75+ document formats — PDF, DOCX, XLSX, PPTX, HTML, EPUB, images, and more via Kreuzberg extraction engine
OCR for scanned PDFs — local OCR via Tesseract (default), EasyOCR, or PaddleOCR (--ocr flag), with optional Google Cloud Vision fallback (--ocr-backend gcv)
Budget controls — set --max-cost to cap LLM spending
Runs locally — your documents stay on your machine

Use Cases

Research & education — map how theories, methods, and findings connect across a body of literature. Generate concept maps for courses, literature reviews, or self-study
Business intelligence — drop in competitor whitepapers, market reports, or internal docs and see the landscape
Investigative work — analyze FOIA releases, court filings, public records, and document leaks
Legal review — extract and connect entities across document collections
Genealogy — trace family relationships across vital records

AI Knowledge Base

sift-kg generates structured knowledge that AI agents can operate from directly.

Point sift at your documents, notes, or project files. The output — a JSON knowledge graph — gives any AI agent a persistent, structured understanding of how everything in your world connects. No manual organization, no tagging, no wiki links. The structure emerges from the content.

sift extract ./my-stuff/
sift build
sift topology          # structural overview (JSON, for agents)
sift query "topic"     # entity neighborhood subgraph (JSON, for agents)
sift search "X" --json # entity lookup (JSON, for agents)
sift info --json       # project stats (JSON, for agents)

The graph persists across sessions and grows incrementally — extract new documents into the same output directory and rebuild. Entity deduplication ensures the graph stays coherent as it grows.

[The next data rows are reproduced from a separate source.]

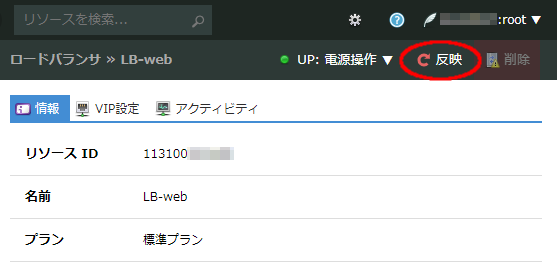 ロードバランサ、VPCルータでは、コントロールパネルでの設定画面が複数個所に渡るため、設定変更結果をアプライアンス側に「反映」する操作が必要となります。設定変更後は必ず「反映」ボタンをクリックしてください。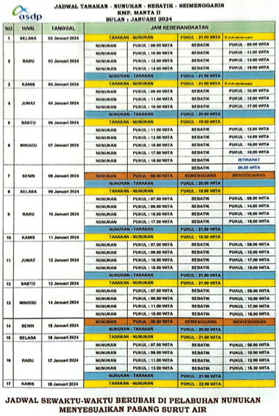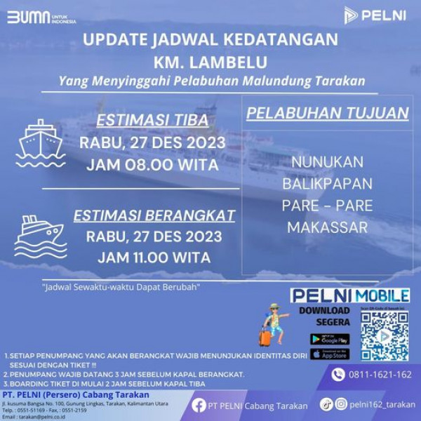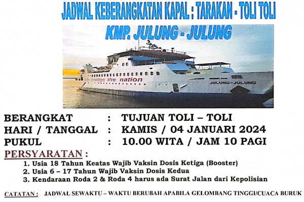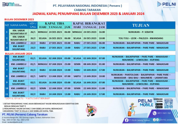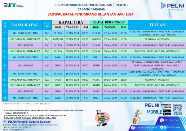 UPDATE : JADWAL KAPAL PENUMPANG YANG MENYINGGAHI PELABUHAN MALUNDUNG TARAKAN BULAN JANUARI 2024.NB : BELILAH TIKET JAUH HARI SEBELUM KEBERANGKATAN SEL...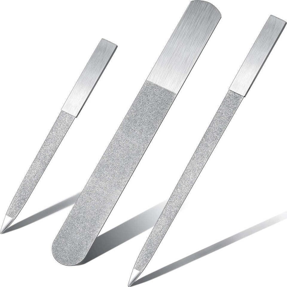 3-Piece Stainless Steel Nail Buffer Set - Double-Sided Manicure Pedicure Tools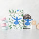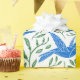 Blaues Hummingvögelmuster, grüne Blätter Geschenkpapier
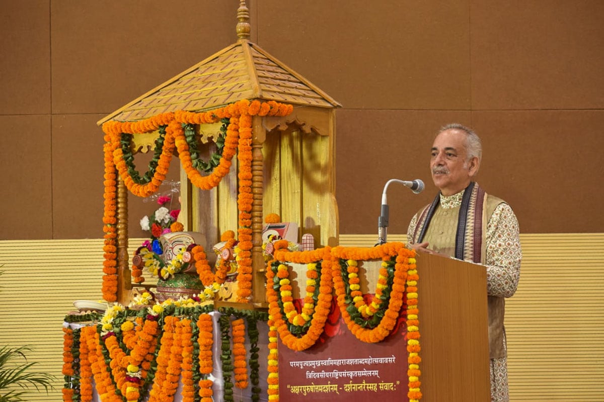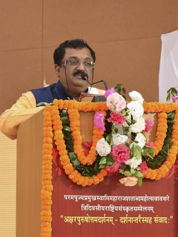 This commentary does not criticize any school of thought. Rather, it substantiates its own position upon expressing reverence towards everyone. This is the reason why we have all gathered to welcome and honour this commentary. We have experienced a glimpse of only one disciple of Pramukh Swami Maharaj. There are one thousand such sadhus, more than a thousand mandirs, and numerous educational institutions. Pramukh Swami Maharaj inspired the creation of the Prasthānatrayī commentaries. Hence, his felicitation will be forever etched in the history of this university.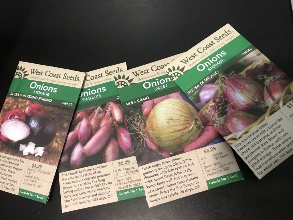 I have never really had successful onions growing from sets. They are small and not really suited to storing. (…and I never get many decent sized onions)… Which is fine if you just want a few onions for fresh eating, but my goals have shifted more to developing my skills in putting up food for the winter. Last year, I was able to braid up about 20 of my Zebrune Shallots last year and it has been fun using my own produce while its -20 and snowing outside. So this year, I decided to step up my onion game (or at least attempt to). I bought a few different varieties that are more suited to storage. Before I keep rambling on though, I’ll get to the varieties I will be (attempting) to grow this year.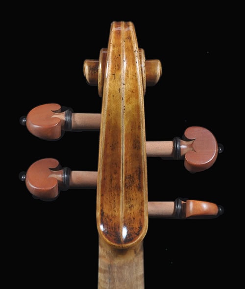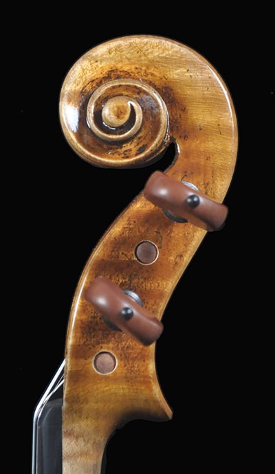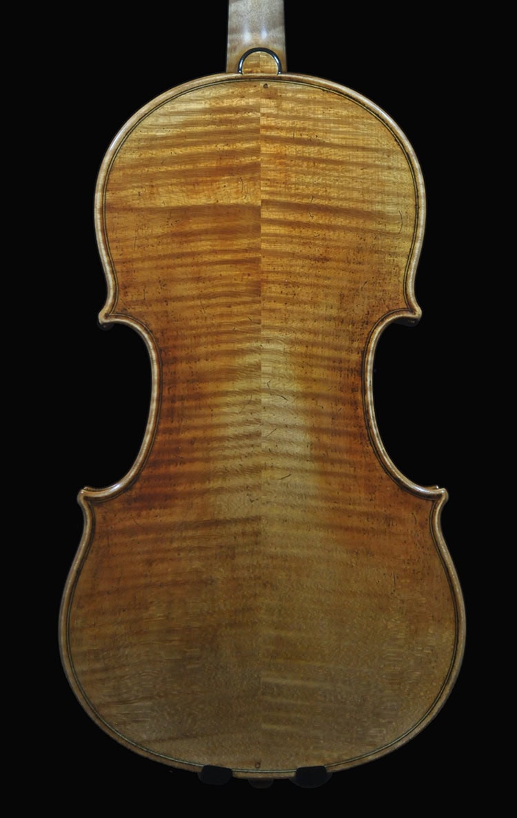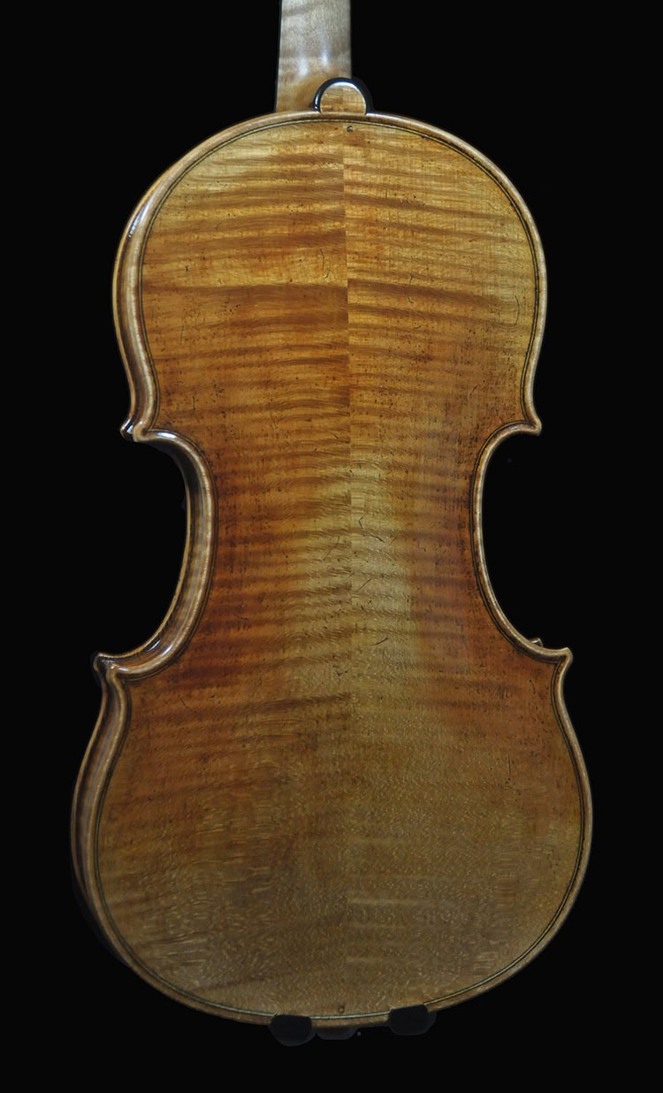 •European spruce and maple with desired grain and flame, naturally seasoned over 12 yrs. Plate tuned for optimal resonance and response.

What this gives your agent:

Structure — not just text chunks, but entities, relationships, communities, and how they connect
Topology — which knowledge clusters exist, what bridges them, what's isolated
Durability — the graph survives context window resets. Your agent stops starting from zero every session

Bundled agent skill: sift-kg ships with a skill at .agents/skills/sift-kg/SKILL.md that teaches agents how to use the knowledge graph as persistent memory — session orientation, entity exploration, link-knowledge-islands reasoning, and grounded suggestion generation.

Bundled Domains

sift-kg ships with specialized domains you can use out of the box:

sift domains                              # list available domains
sift extract ./docs/ --domain-name osint  # use a bundled domain

Set a domain in sift.yaml so you don't need the flag every time:

domain: academic

Works with bundled names (schema-free, general, osint, academic) or a path to a custom YAML file.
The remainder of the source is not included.